Maryame El Bouwab, age 43, is our Vice President, Merchandising, Planning and Supply
Chain. She has been with the Company since March 2013. Prior to her current position, she was the Companys Vice President, Planning and Supply Chain from June 1, 2018 to September 30, 2018 and Vice President, Merchandise Planning
from February 1, 2017 to May 31, 2018. From March 2013 to February 2017, she was the Companys Director of Merchandise Planning. Prior to joining the Company, Ms. El Bouwab was, from 2005 to 2012, with Mexx Canada and Lucky Brand
Jeans and held the position of Merchandising and Planning Manager.
Miranda Melfi, age 57, is our Vice President, Human Resources,
Chief Legal Officer and Corporate Secretary and has been with Birks Group since April 2006. Prior to her current position, she was our Vice President, Legal Affairs and Corporate Secretary from April 2006 to September 2018. Prior to joining us,
Ms. Melfi was with Cascades Inc., a publicly-traded pulp and paper company for eight years and held the position of Vice President, Legal Affairs, Boxboard Group. From 1994 to 1998, Ms. Melfi was Vice President, Legal Affairs and Corporate
Secretary at Stella-Jones Inc., a publicly-traded wood products company, and from 1991 to 1994, practiced corporate, commercial and securities law with Fasken Martineau DuMoulin LLP.
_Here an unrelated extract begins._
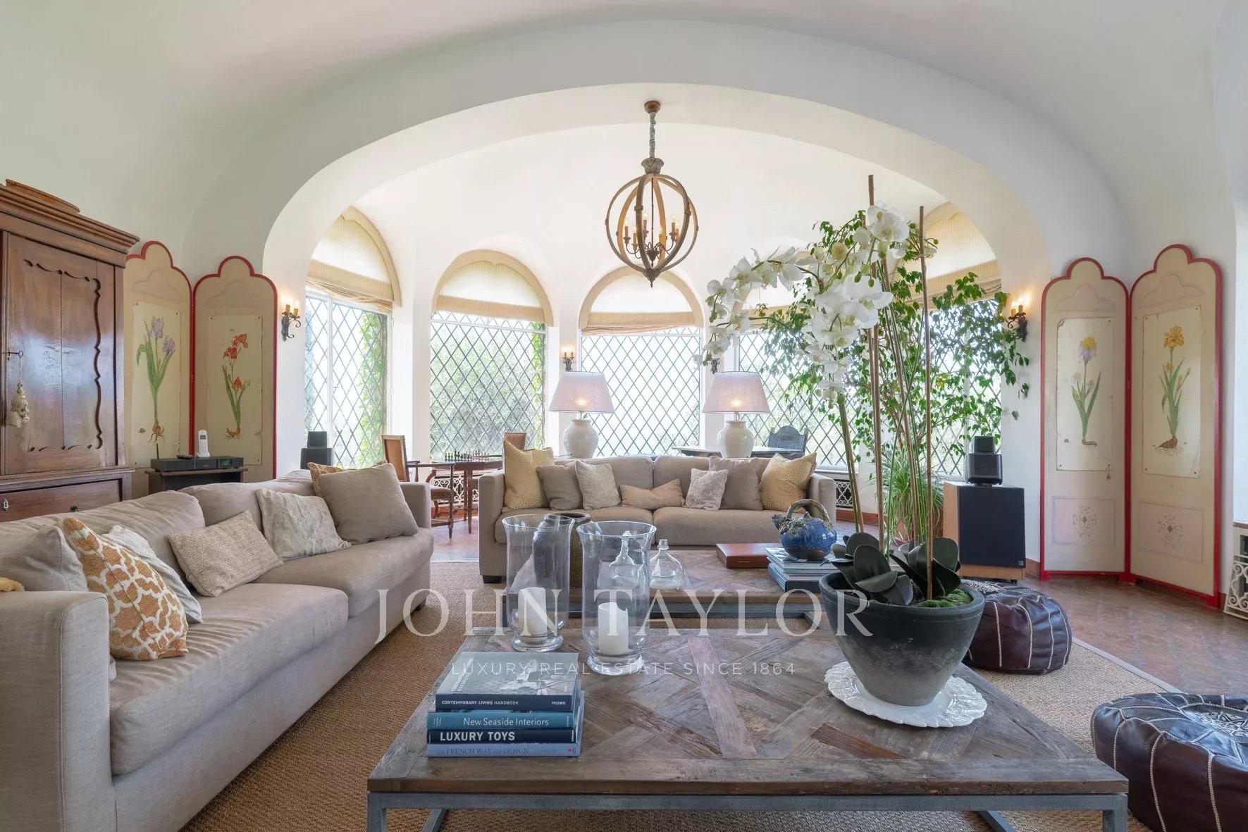 Al livello del giardino, la proprietà dispone di un ampio soggiorno, una sala da pranzo, una cucina completamente attrezzata con sala da pranzo adiacente, un ampio cortile che conduce all'ingresso, uno studio, una sala TV, una camera da letto principale (letto da 180 cm) (1) che si apre su un ampio balcone con vista sulla baia di Cannes, con bagno privato.
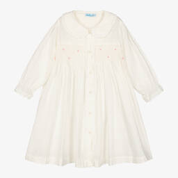 A beautiful pale pink dressing gown for girls by Mini Lunn, made in soft, lightweight plumeti cotton. It has a rounded collar, white lace trims and pretty pink roses embroidered on a delicately smocked panel across the front. Cool and comfortable to wear, it has softly elasticated cuffs and button fastenings on the front.

COMPENSATION OF DIRECTORS AND OFFICERS
Director Compensation
During fiscal
2021, each director who was not an employee of the Company was entitled to receive an annual fee of U.S. $25,000 (approximately $33,000 in Canadian dollars) for serving on our Board of Directors, U.S. $1,500 (approximately $2,000 in Canadian
dollars) for each Board meeting attended in person and U.S. $750 (approximately $1,000 in Canadian dollars) for each Board meeting attended by phone. The chairperson of the audit and corporate governance committee, and the compensation and
nominating committee received an additional annual fee of U.S. $10,000 and U.S. $8,000 (approximately $13,000 and $10,500 in Canadian dollars) respectively. The members of the audit and corporate governance committee, and the compensation and
nominating committee received an additional annual fee of U.S. $5,000, and U.S. $4,000 (approximately $6,500 and $5,250 in Canadian dollars), respectively, and the independent member of the executive committee received an additional annual fee of
U.S. $4,000 (approximately $5,250 in Canadian dollars). The chairperson and any other members of any special independent committee of directors that may be established from time to time is entitled to receive compensation as may be determined by the
Board of Directors for his or her service on such committee. As an effort to mitigate the financial impact of COVID-19, from the onset of the COVID-19 pandemic, each
director agreed to fee reductions of 20% for the months of April, May and June 2020, 10% for the months July to December 2020, and 20% for the months of January to March 2021.
Since September 2018 and every September thereafter, each director who is not an employee of the Company is entitled to receive deferred
stock units equal to a value of U.S. $25,000 (approximately $33,000 in Canadian dollars). In November 2016, September 2017, September 2018, October 2019, and September 2020 each non-employee director received
deferred stock units equal to a value of U.S. $10,000, U.S. $20,000, U.S. $25,000, U.S. $25,000 and U.S. $25,000 (approximately $13,000, $26,000, $33,000, $33,000, and $33,000 in Canadian dollars), respectively. In June 2019, the chairman of the
Special Committee and each member of the Special Committee was issued deferred stock units equal to a value of U.S. $30,000 and U.S. $25,000 (approximately $40,000 and $33,000 in Canadian dollars), respectively. In April 2014 and April 2015, 5,000
stock appreciation rights were granted to each non-employee director. In addition, in September 2014, 2,000 stock appreciation rights were granted to a new member of the Companys Board of Directors. All
directors were reimbursed for reasonable travel expenses incurred in connection with the performance of their duties as directors.
On
November 15, 2016, the Companys Board of Directors approved annual payments of 200,000 (approximately $310,000 in Canadian dollars) and 50,000 (approximately $78,000 in Canadian dollars) to Mr. Niccolò Rossi di
Montelera for his role as Executive Chairman of the Board and Chairman of the Executive Committee, respectively, effective January 1, 2017. As an effort to mitigate the financial impact of COVID-19, from
the onset of the COVID-19 pandemic, Mr. Niccolò Rossi di Montelera agreed to a COVID-19 fee reduction of 20% for the months of April, May and June 2020, 10%
for the months of July to December 2020, and 20% for the months of January to March 2021.